Veni, vidi, vegi (10) – Supplemente

Vitamin B12

Vegane Ernährung, das sei doch nicht natürlich, sagte der Bekannte. Man könne schließlich nicht alle Nährstoffe durch vegane Ernährung zu sich nehmen. 

„Okay,“ erwiderte ich, „aber was spricht denn dagegen, das berühmt-berüchtigte Vitamin B12 in Pillenform zu sich zu nehmen? Und alles andere, das bekommt man schon, wenn man …“

Weiter konnte ich leider nicht argumentieren. Nein, Pillen gingen gar nicht, das wäre eben nicht natürlich. Dabei war der Bekannte der veganen Ernährung gegenüber durchaus aufgeschlossen. Zwangsläufig. Das Herz klopfte an und gab deutliche Warnhinweise, dass es ratsam für ihn wäre, ab sofort besser auf die Gesundheit zu achten. Auf sein Gewicht ebenso. Über Nacht war er zum Veganer geworden und hielt mir lange Vorträge, wie sinnvoll und gesund vegane Ernährung sei. Nicht, dass ich es nicht schon gewusst hätte, im Gegenteil. 

So bestärkten wir uns sogar gegenseitig, noch mehr auf vegane Ernährung zu achten. Bis zwei Wochen später bei ihm der Sinneswandel eintrat. Ebenso plötzlich, wie er Veganer wurde, hörte er damit wieder auf. Ich vermute nicht komplett, aber die rein veganen Mahlzeiten wurden seltener, die Ausnahmen häufiger.
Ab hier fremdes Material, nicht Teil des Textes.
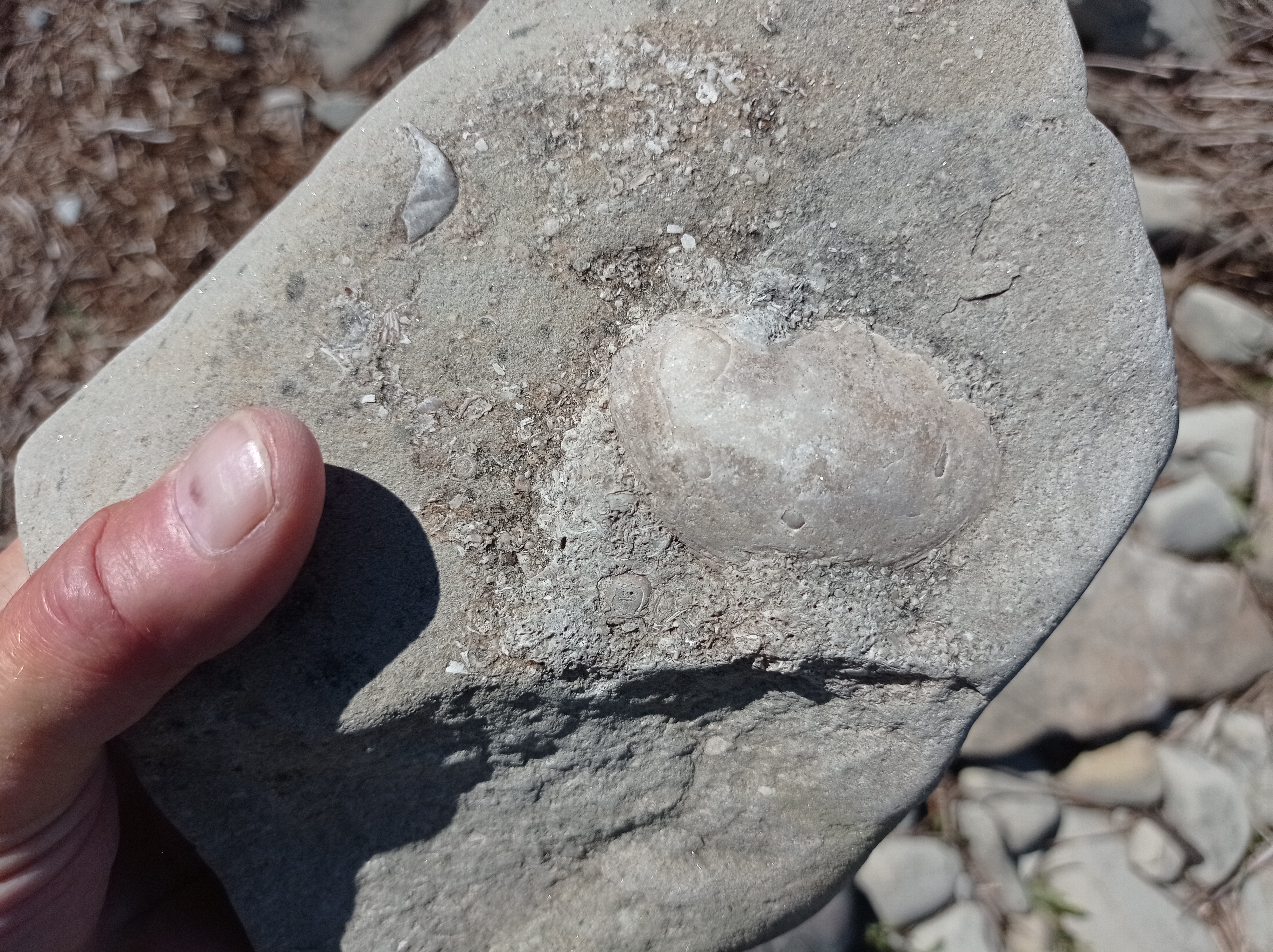 De zgn. Burgsvikformatie is één van de jongste afzettingen van Gotland, heeft een totale dikte van wel 50 meter en is alleen aan deze smalle kuststrook bij Kettelvik goed ontsloten. Mooi zijn hier de zandsteenlagen te zien; gelijkmatig afgezet onder rustige omstandigheden. Er zijn hier fossiele visresten, fossielen van kwallen en zeesterren en zelfs van (zeer vroege) landplanten gevonden (https://www.cbc.ca/news/science/oldest- ... -1.3474248), maar die waren voor ons niet weggelegd. Wel is het gelukt om in het losse materiaal van de iets jongere Burgsvik-ooliet de schelp Pteronitella te vinden en levenssporen, mogelijk van grondelende vissen en dat is toch ook leuk.

Gesundheit schön und gut, aber es sei ja nicht natürlich.

Supplement oder Zusatz?

Ich versuchte es erneut: „Kennst Du schon diese Milchalternativen, in denen Vitamin B12 enthalten ist? Sogar einige Zahnpasta-Sorten haben inzwischen B12-Zusatz! Und neulich, da habe ich diesen Algensalat probiert, der hat einen sehr hohen Anteil an wichtigen Omega-3-Fettsäuren. Die Fische bekommen das auch nur von den Algen, man muss also gar keinen Fisch …“

Er blieb dabei, Zusatzstoffe in Pflanzenmilch, das ist doch nicht natürlich, sagte er, als er einen Schokoriegel aus der Verpackung holte. Ich kam gar nicht mehr zu meinen weiteren Argumenten, zum Beispiel, dass Tierfutter ebenfalls mit Zusatzstoffen und übrigens auch allen möglichen Medikamenten versetzt ist. So soll das Fleisch bestimmte Stoffe enthalten. Und das es nicht weniger natürlich sei Tierfutter zu supplementieren, als unsere Nahrung.
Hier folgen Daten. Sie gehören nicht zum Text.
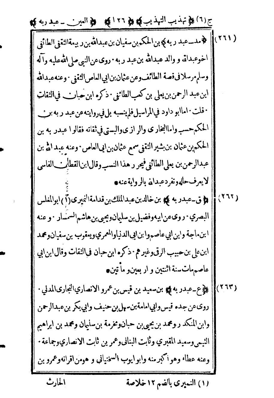 263 - "مد عبد ربه" بن الحكم بن سفيان بن عبد الله بن ربيعة الثقفي الطائفي أخو عبد الله ووالد عبد الله بن عبد ربه روى عن النبي صلى الله عليه وآله وسلم مرسلا في قصة الطائف وعن عثمان بن أبي العاص الثقفي وعنه عبد الله بن عبد الرحمن بن يعلى بن كعب الطائفي ذكره بن حبان في الثقات قلت أما أبو داود في المراسيل فلم ينسبه بل في روايته عن عبد ربه بن الحكم حسب وأما البخاري والرازي والبستي في ثقاته فقالوا عبد ربه بن الحكم بن عثمان بن بشير الثقفي سمع عثمان بن أبي العاص وعنه عبد الله بن عبد الرحمن بن يعلى الطائفي فيحرر هذا النسب وقال ابن القطان الفاسي لا يعرف حاله وتفرد عبد الله بالرواية عنه.

Nein, das wäre nicht natürlich, sagte er und kippte sich ein Portionsbecherchen Kondensmilch in den Kaffee. Hm, das klang für mich inzwischen mehr nach Vorwand als nach Einwand. War er vielleicht noch nicht so weit, die Körpersignale in eine Änderung des Verhaltens oder der Ernährung umzusetzen? Vermutlich ist die Umsetzung auch schwierig, wenn man sich ausschließlich aus gesundheitlichen Gründen für eine vegane Kost entscheidet und es als Verzicht erlebt.

Was ist schon natürlich?

Er sagte noch, dass Affen sich beispielsweise auch nicht vegan ernährten. Das sei ein weiteres Argument dafür, dass vegan nicht natürlich sei. Unsere nächsten Verwandten im Tierreich bräuchten schließlich auch Vitamin-B12. Ich widersprach nicht mehr, auch wenn ich gerne das Argument gebracht hätte, dass Affen Kot essen und dieser Vitamin B12 enthält. Das hätte er, auf menschliche Ernährung übertragen, vermutlich auch nicht als natürlich angesehen. Aber was ist schon natürlich? Die industrielle Tierhaltung und -schlachtung ganz sicher auch nicht.

 

Ich in jedem Fall empfinde die vegane Lebensweise als die Natürlichste und Sinnvollste. Ich habe immer meine Nussmischung dabei, achte auf ein vielfältiges Nahrungsangebot und ergänze das, was ich in meinen Mahlzeiten nicht bekomme. Und hin und wieder ein Bluttest, das ist übrigens auch für Mischköstler*innen sinnvoll, da Vitamin-B12-Mangel auch unter ihnen sehr verbreitet ist.